Einde inhoudsopgave
Besluit Nr. A2 (2010/C 106/02) betreffende de interpretatie van artikel 12 van Verordening (EG) nr. 883/2004 van het Europees Parlement en de Raad inzake de wetgeving die van toepassing is op gedetacheerde werknemers en zelfstandigen die tijdelijk buiten de bevoegde lidstaat werken
Aanhef
Geldend
Geldend vanaf 12-06-2009
- Redactionele toelichting
Dit besluit wordt toegepast vanaf 01-05-2010, tegelijk met de inwerkingtreding van Verordening 987/2009 (16-09-2009, PbEU L 284).
- Bronpublicatie:
12-06-2009, PbEU 2010, C 106 (uitgifte: 24-04-2010, regelingnummer: A2 2010/C106/02)
- Inwerkingtreding
12-06-2009
- Bronpublicatie inwerkingtreding:
12-06-2009, PbEU 2010, C 106 (uitgifte: 24-04-2010, regelingnummer: A2 2010/C106/02)
- Vakgebied(en)
Arbeidsrecht / Arbeidsovereenkomstenrecht
Internationale sociale zekerheid / Vrij verkeer
(Voor de EER en voor de overeenkomst Europese Gemeenschap/Zwitserland relevante tekst)
Besluit van de Administratieve Commissie voor de coördinatie van de socialezekerheidsstelsels van 12 juni 2009 betreffende de interpretatie van artikel 12 van Verordening (EG) nr. 883/2004 van het Europees Parlement en de Raad inzake de wetgeving die van toepassing is op gedetacheerde werknemers en zelfstandigen die tijdelijk buiten de bevoegde lidstaat werken
DE ADMINISTRATIEVE COMMISSIE VOOR DE COÖRDINATIE VAN DE SOCIALEZEKERHEIDSSTELSELS,
Gelet op artikel 72, onder a), van Verordening (EG) nr. 883/2004 van het Europees Parlement en de Raad van 29 april 2004 betreffende de coördinatie van de socialezekerheidsstelsels (1), uit hoofde waarvan de Administratieve Commissie tot taak heeft alle vraagstukken van administratieve of interpretatieve aard die voortvloeien uit de bepalingen van Verordening (EG) nr. 883/2004 en Verordening (EG) nr. 987/2009 van het Europees Parlement en de Raad van 16 september 2009 tot vaststelling van de wijze van toepassing van Verordening (EG) nr. 883/2004 betreffende de coördinatie van de socialezekerheidsstelsels (2) te behandelen,
Gelet op artikel 12 van Verordening (EG) nr. 883/2004,
Gelet op de artikelen 5, 6, en 14 tot en met 21 van Verordening (EG) nr. 987/2009,
Overwegende hetgeen volgt:
- (1)
De bepalingen van artikel 12 van Verordening (EG) nr. 883/2004, die voorzien in een uitzondering op de algemene regel van artikel 11, lid 3, a), van genoemde verordening, hebben in het bijzonder tot doel de vrije dienstverlening te vergemakkelijken ten behoeve van werkgevers die werknemers uitzenden naar andere lidstaten dan waar zij gevestigd zijn, alsook van het vrije verkeer van werknemers naar andere lidstaten te bevorderen.
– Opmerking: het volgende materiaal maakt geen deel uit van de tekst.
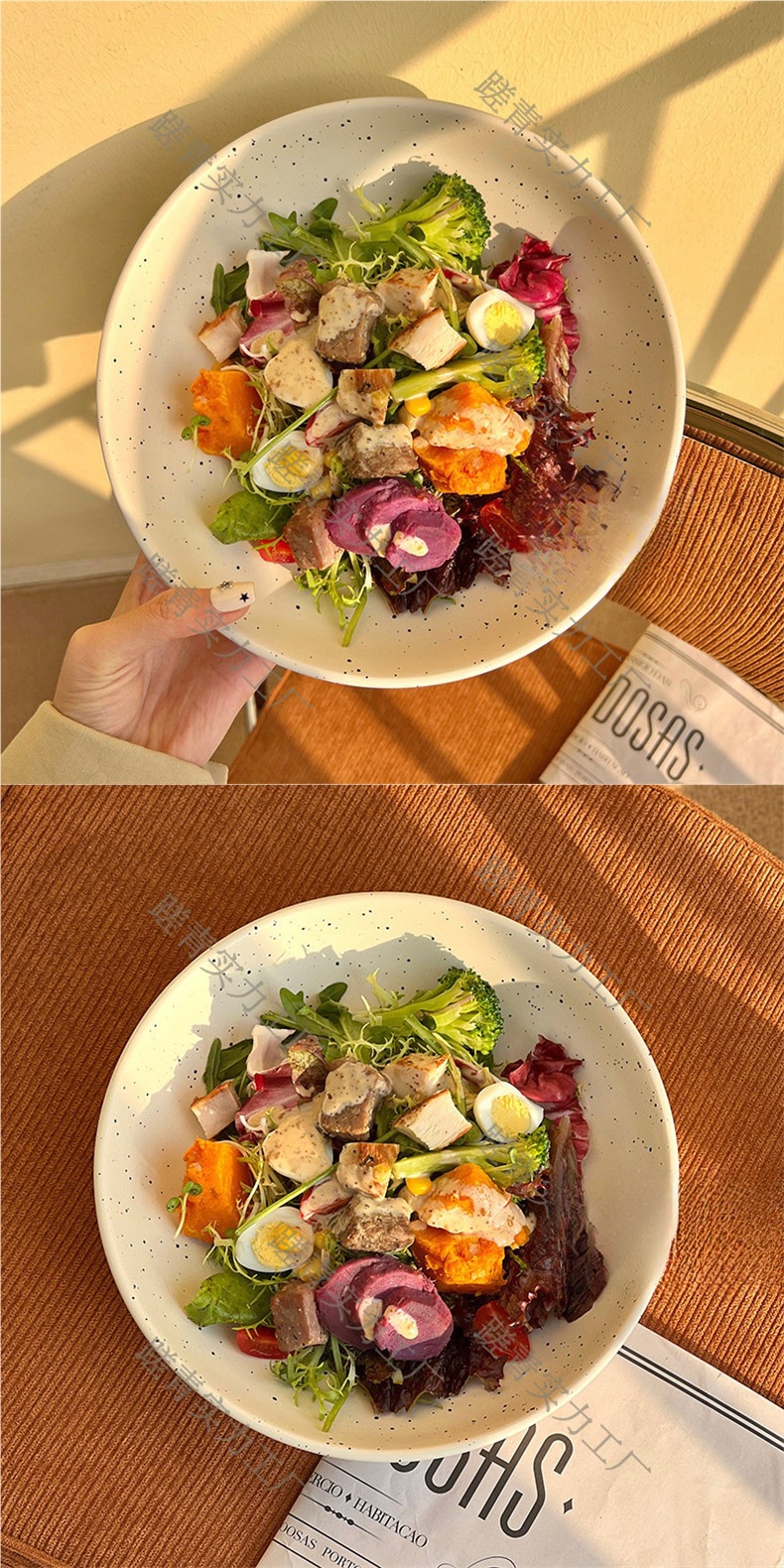 Ins 스타일 잉크 도트 플레이트 세라믹 스플래시 잉크 그릇 크고 깊은 접시 과일 샐러드 가정용 카레 쌀 인스타시 Nink Bowl 내구성
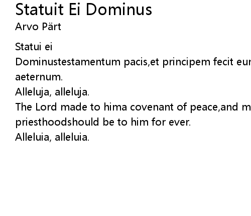 | Dominustestamentum pacis,et principem fecit eum;ut sit illisacerdotii dignitasin aeternum. | |
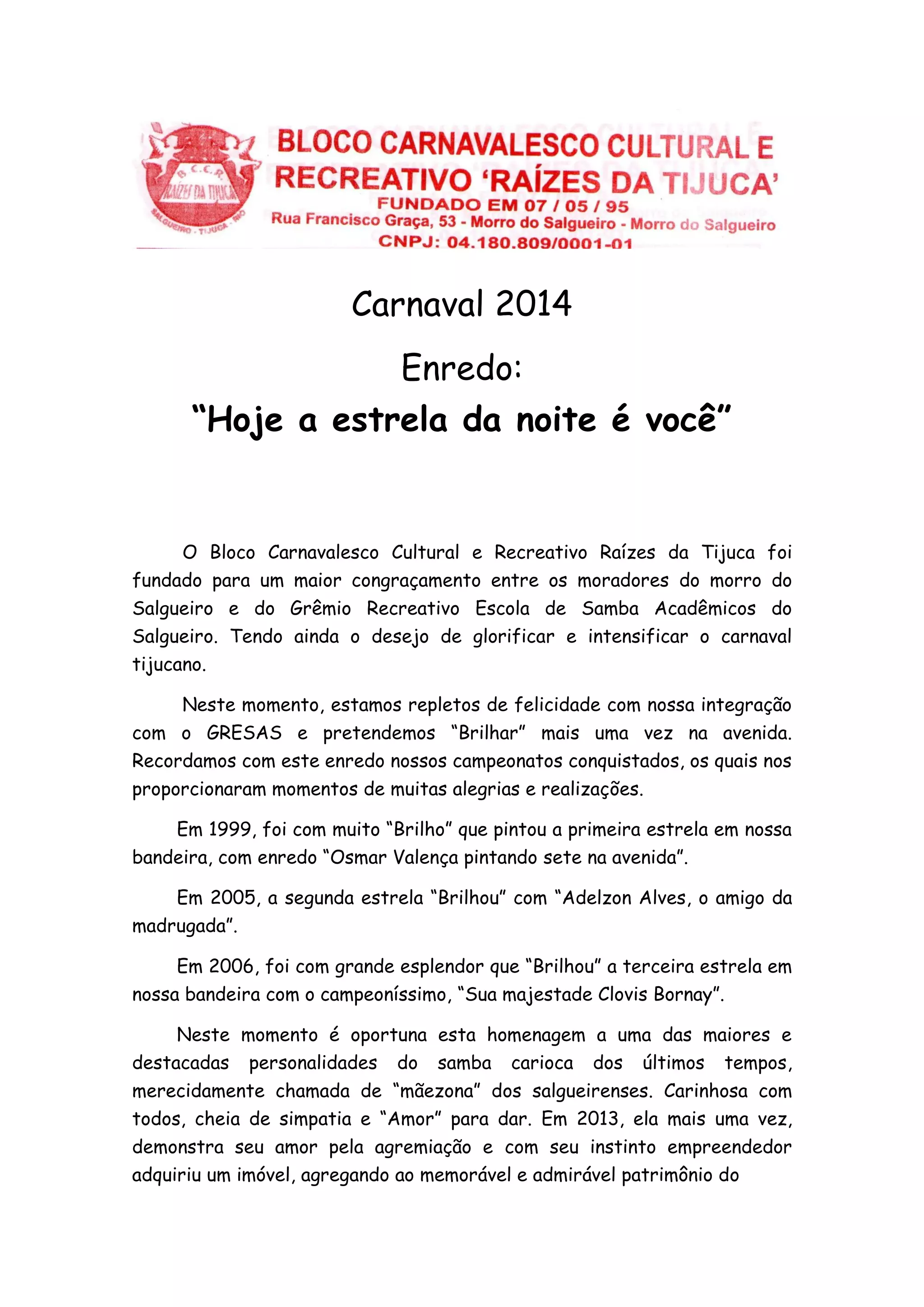 O Bloco Carnavalesco Cultural e Recreativo Raízes da Tijuca irá homenagear Regina Celi, uma das maiores personalidades do samba carioca, com o enredo "Hoje a estrela da noite é você". Regina Celi é conhecida como a "mãezona" dos salgueirenses e tem ajudado a manter o Grêmio Recreativo Escola de Samba Acadêmicos do Salgueiro sempre no auge, conquistando vários campeonatos para a escola.
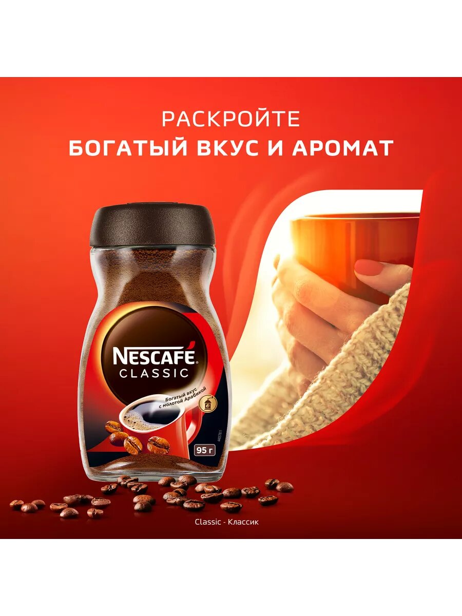 Кофе растворимый NESCAFE Classic 100% натуральный с добавлением натурального жареного молотого кофе банка 95г
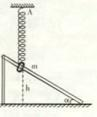 20.如图所示,固定在倾斜面光滑杆上套有一个质量为m的圆环,圆环距水平面的距离为h,圆环与竖直放置的轻质弹簧一端相连,弹簧的另一端固定在天花板上的A点,弹簧处于原长,让圆环沿杆滑下,滑到杆的底端时速度为零,则在圆环下滑过程中 ( )
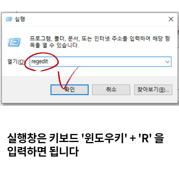 regedit를 실행하기 위해 실행창을 열어야 합니다.
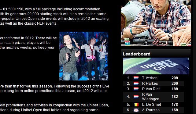 В общем в этом году исполняется 5 лет серии Юнибет Оупен и по этому случаю вся серия будет особенно роскошной :) Во всяком случае так презентуют серию на сайте. Далее инфа по пакету и всякая общая информация… а далее вот это уже интересно. Первый турнир по ставкам Лайв в Праге. Ха! Значит Том, с которым мы познакомились в Риге точно будет ))) Том разрабатывает софтину по ставкам для Юнибет, ну и ко всему прочему он офигенский мужик) Смотрим дальше… Турнир по блэкджеку. Лудолэнд :) Такой турнир в Риге выиграл белорус.
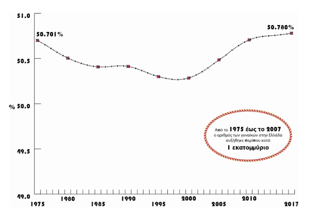 Η Ελλάδα είναι μια από τις χώρες όπου οι γυναίκες αποτελούν την πλειονότητα του πληθυσμού. Μάλιστα, το ποσοστό του γυναικείου πληθυσμού έχει ελαφρώς αυξηθεί από 50.701% το 1975 σε 50.780% το 2017 (Γράφημα 2). Η πορεία που ακολούθησε το ποσοστό του γυναικείου πληθυσμού στην Ελλάδα ήταν πτωτική έως το 1998 και έκτοτε αυξάνεται (ωστόσο, από το 2010 με χαμηλότερο ρυθμό).
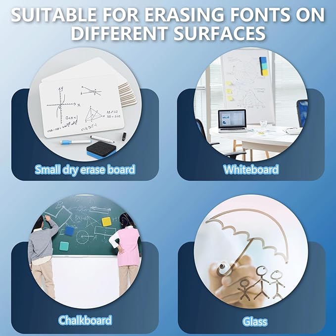 - Versatile Applications: Ideal for a variety of settings including homes, offices, schools, dormitories, game rooms, and play centers. These dry erase board erasers are a great aid for managers, teachers, students, and kids, perfect for presentations, drawing, education, and score counting.
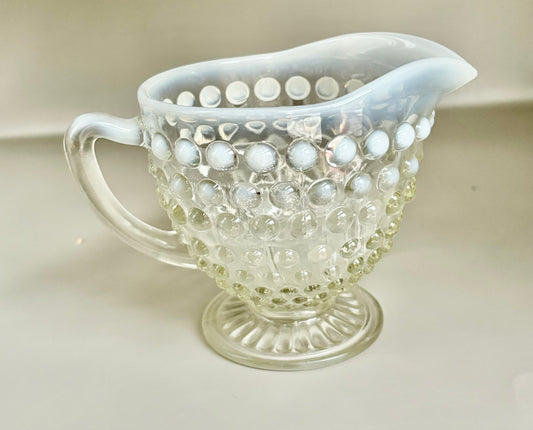 Vintage Fenton White Opalescent Moonstone Hobnail Glass Creamer Pitcher, Rare Fenton Signed
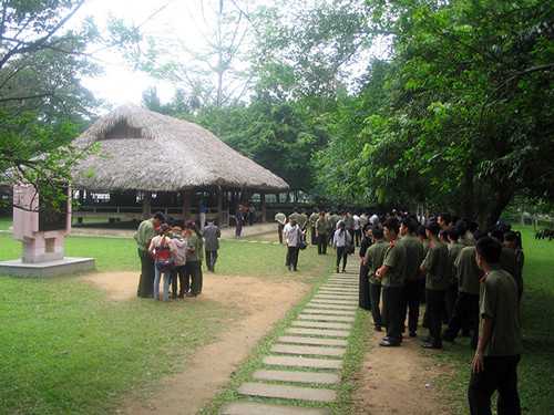 Những ngày này, hàng chục đoàn khách từ các nơi đổ về thăm đình Tân Trào. Ảnh:CAO NĂM
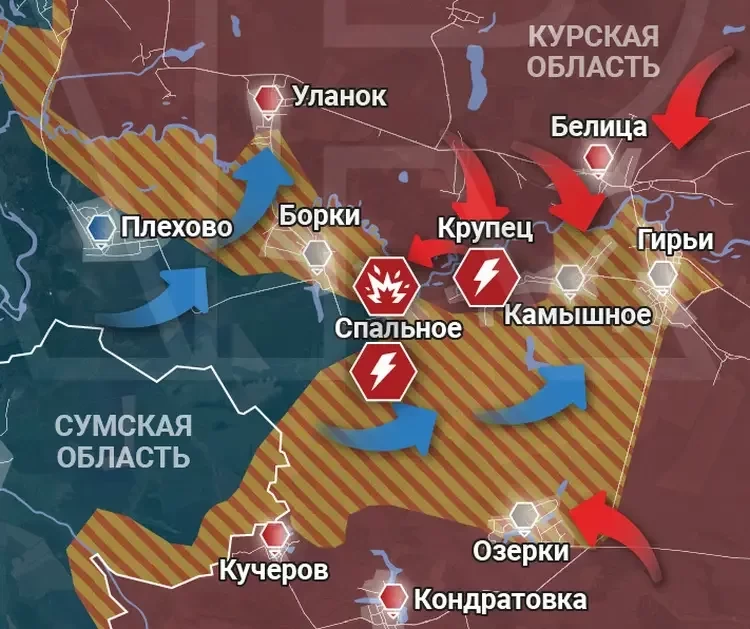 Авторы канала уточнили, что в ночь на 16 августа бои велись в селе Крупец Рыльского района. Также российские бойцы смогли отразить атаку в селе Глушково. Кроме того, бойцам ВС РФ удалось уничтожить бронегруппу ВСУ, которая сидела в засаде в районе села Сафоновка. Там ликвидировано по меньшей мере пять боевых машин.
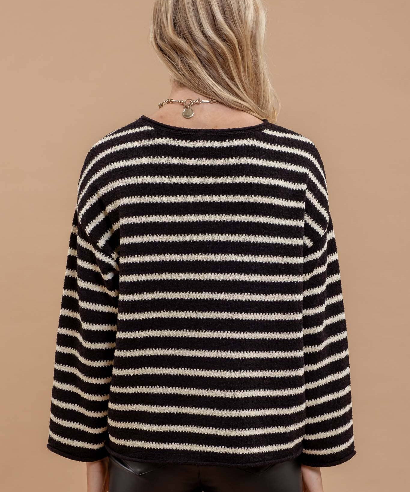 Stripe Boat Neck Drop Shoulder Sweater
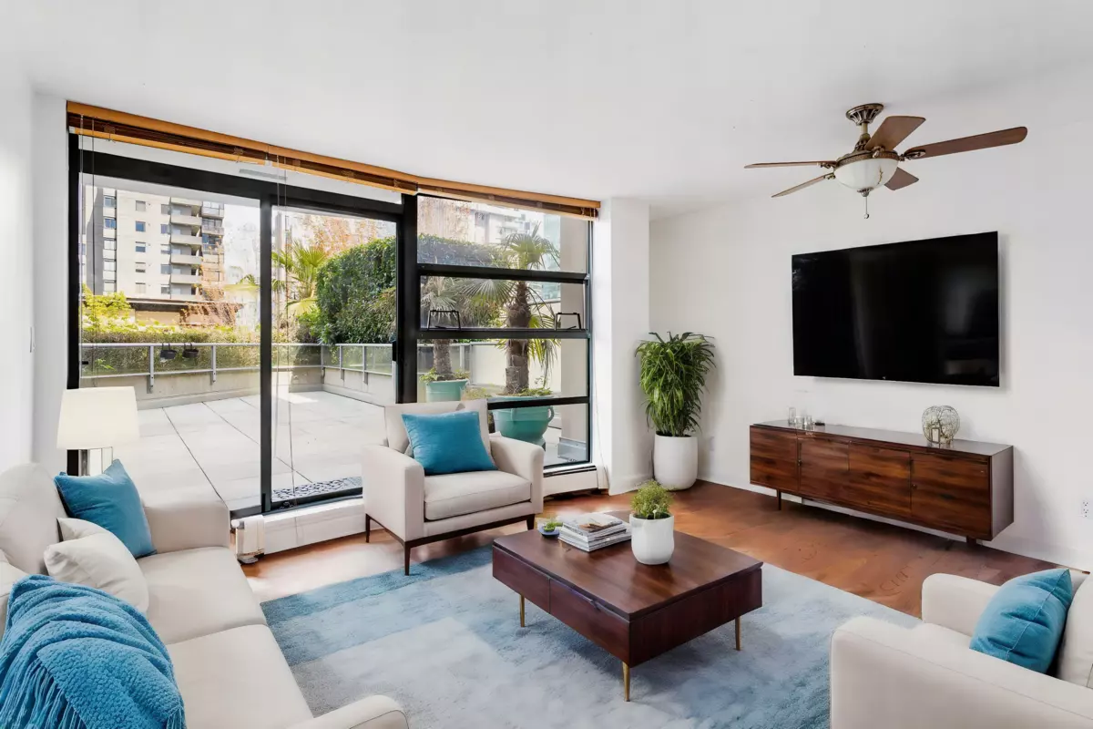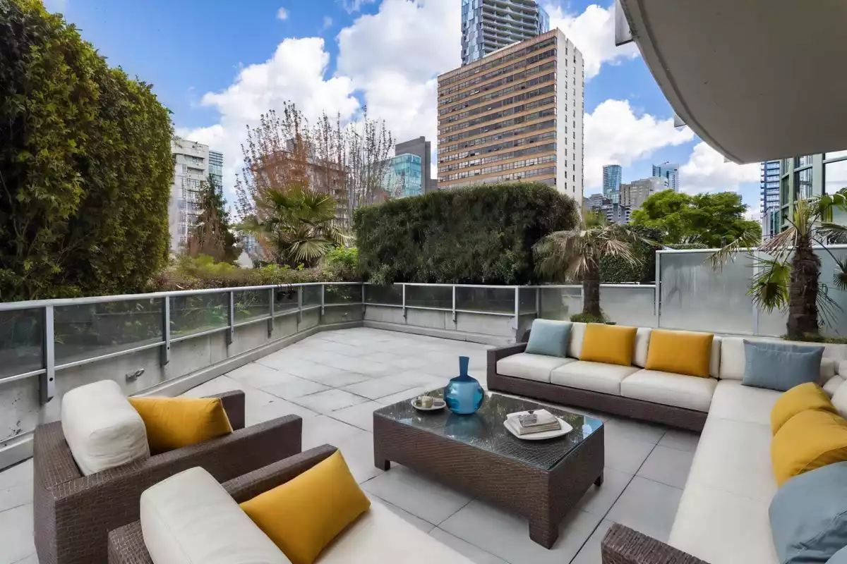 Discover urban luxury on Robson Streets West End! This exceptional listing offers a unique blend of comfort and convenience. Enjoy an updated 1 bdrm unit + den with functional floor plan, updated appliances, and a massive 551 sq ft walkout patio perfect for entertaining with friends and family. Within the building, indulge in luxury amenities such as an indoor pool, sauna, hot tub, and gym. Situated near grocery stores, restaurants, West End Community Center, Devonian Harbour Park, Marina Square, Stanley Park, the Seawall, public transportation, and much more! Included are one parking stall & one storage locker, with the addition of heat and hot water included in the maint fees. Don't miss out on this rare gem, come enjoy all that Vancouver has to offer. Book your viewing today!
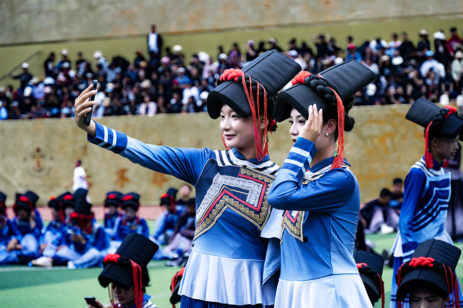 凌征国入选摄影作品《新彝族人影像——发个朋友圈》(2024年7月18日摄)。
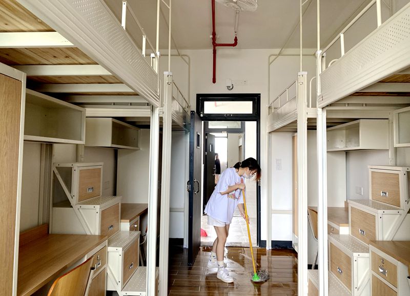 上午一大早,党委副书记裴九雄带领学生处和各院系的老师、学生干部首先来到C16、C17、C18新生公寓,开展新生宿舍打扫工作,提前为2020级新同学营造一个整洁文明、温馨和谐的宿舍环境。
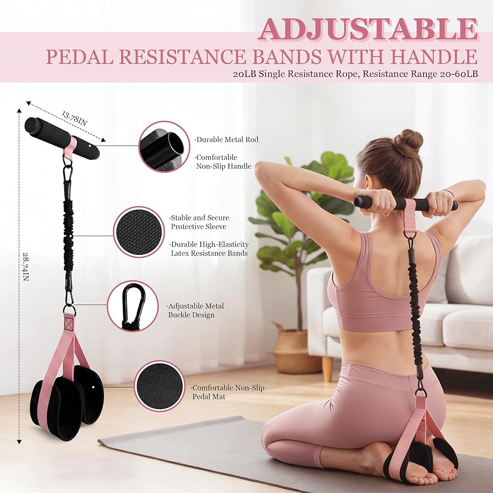 HIMSPORNER حزام مقاومة دواسة قابل للتعديل مع مقبض، عصابات مقاومة الكاحل مع الأصفاد، شريط مقاومة الشكل 8، معدات تمرين للخصر، الذراع، القلب/ABS، الساق، العلاج الطبيعي، اليوغا، البيلاتيس
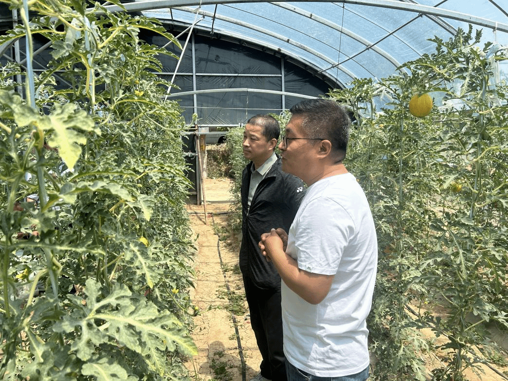随后,队伍前往蒲城食品产业园,走进孙镇王台村西瓜大棚。大棚内,翠绿色的西瓜藤蔓沿着支架攀爬生长一个个圆润饱满的西瓜悬挂在藤蔓之下,墨绿的表皮泛着自然的光泽。
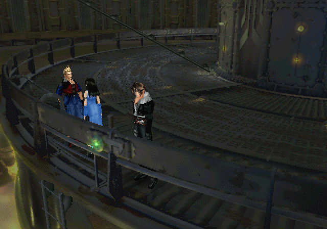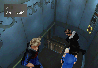 Une fois passé le tutoriel, suivez le chemin jusqu'à une nouvelle échelle à descendre. En bas entrez par la petite porte à l'opposé de l'échelle. Dans la nouvelle salle appuyez sur Croix derrière la valve, puis appuyez 100 fois sur Carré en moins de 10 secondes pour l'ouvrir. Impossible ? Tout à fait (7). Heureusement un coéquipier vient à la rescousse. Cette fois il faut appuyer 50 fois sur Carré en moins de 10 secondes. Déjà beaucoup plus réaliste. Si vous échouez à nouveau, un troisième coéquipier est là, et vous n'aurez besoin que d'appuyer 20 fois sur Carré en moins de 10 secondes. Encore raté ? Le jeu vous laissera réussir en n'appuyant qu'une seule fois sur la touche. Ressortez de la pièce, un nouveau passage est ouvert, encore plus profond dans les entrailles de la BGU. Descendez la nouvelle échelle et suivez l'escalier à l'écran suivant jusqu'à une plus grande zone. Là vous avez une source de magie Vie Max. Contournez le pilier central pour arriver devant une nouvelle échelle. Squall vous donnera le choix de qui envoyer, mais qu'importe votre réponse il ira tout seul. Grimpez donc l'échelle, vous atterrissez non sans mal dans une salle de contrôle. Allez sur l'ordinateur à droite, puis redescendez par l'échelle. Vos coéquipiers vous demande si ça va, répondez ce que vous voulez. Appuyez sur Croix devant la porte au premier plan (là où une lumière verte scintille) (8). Descendez l'échelle pour arriver à un PDS bienvenu.
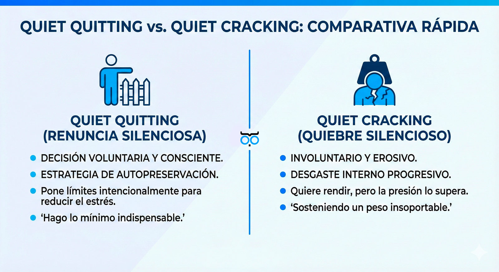 En quiet quitting hay una decisión de bajar esfuerzo. En Quiet Cracking la persona quiere rendir, pero se va quebrando por presión, falta de reconocimiento o futuro incierto.

Deze bepalingen hebben ook tot doel de belemmeringen voor het vrije verkeer van werknemers op te heffen en de economische integratie te bevorderen door administratieve verwikkelingen te vermijden, vooral voor de werknemers en de ondernemingen.
- (2)
Het doel van deze bepalingen is dus het vermijden van de administratieve verwikkelingen die uit de toepassing van de in artikel 11, lid 3, onder a), vastgelegde algemene regel zouden voortvloeien, zowel voor werknemers en werkgevers als voor socialezekerheidsorganen, wanneer het gaat om arbeid van korte duur in een andere lidstaat dan die waar de onderneming haar statutaire zetel of een vaste inrichting heeft, of dan die waar de zelfstandige normaliter zijn beroepsactiviteit uitoefent.
- (3)
De eerste beslissende voorwaarde voor de toepassing van artikel 12, lid 1, van genoemde verordening is daarom gelegen in het bestaan van een directe band tussen de werkgever en de werknemer die hij in dienst heeft genomen.
- (4)
De bescherming van de werknemer en de rechtszekerheid van deze werknemer en het orgaan waarbij hij is verzekerd, vereisen de garantie dat deze directe band blijft voortbestaan gedurende de periode van detachering.
- (5)
De tweede beslissende voorwaarde voor de toepassing van artikel 12, lid 1, van genoemde verordening is dat er banden bestaan tussen de ondernemer en de lidstaat waar hij is gevestigd. De mogelijkheid van detachering dient daarom te worden beperkt tot ondernemingen die hun activiteiten gewoonlijk uitoefenen op het grondgebied van de lidstaat aan de wettelijke regelingen waarvan de gedetacheerde werknemer onderworpen blijft, ervan uitgaande dat bovenstaande bepalingen alleen van toepassing zijn op ondernemingen die doorgaans substantiële activiteiten verrichten op het grondgebied van de lidstaat waar zij gevestigd zijn.
- (6)
Er dienen indicatieve perioden voor werknemers en zelfstandigen te worden vastgesteld, onverminderd eventuele beoordelingen per geval.
- (7)
Het voortbestaan van de directe band kan niet langer worden gegarandeerd wanneer de gedetacheerde werknemer ter beschikking van een derde onderneming wordt gesteld.
- (8)
Het is noodzakelijk gedurende het tijdvak van detachering alle vormen van controle te kunnen uitoefenen, in het bijzonder ten aanzien van de betaling van premies of bijdragen en ten aanzien van het voortbestaan van de rechtstreekse relatie, om misbruik van de genoemde bepalingen tegen te gaan en te voorzien in een passende voorlichting van administratieve instanties, werkgevers en werknemers.
- (9)
De werknemer en de werkgever moeten terdege in kennis worden gesteld van de voorwaarden voor een verdere toepassing van de wettelijke regeling van de uitzendende staat op de gedetacheerde werknemer.
- (10)
De beoordelingen en controles van de situatie van ondernemingen en werknemers moeten worden uitgevoerd door de bevoegde organen, met de nodige garanties om de vrije dienstverlening en het vrije verkeer van werknemers niet te hinderen.
- (11)
Het beginsel van loyale samenwerking, zoals vastgelegd in artikel 10 van het Verdrag, brengt voor de bevoegde organen een aantal verplichtingen met zich mee ten aanzien van de uitvoering van artikel 12 van Verordening (EG) nr. 883/2004.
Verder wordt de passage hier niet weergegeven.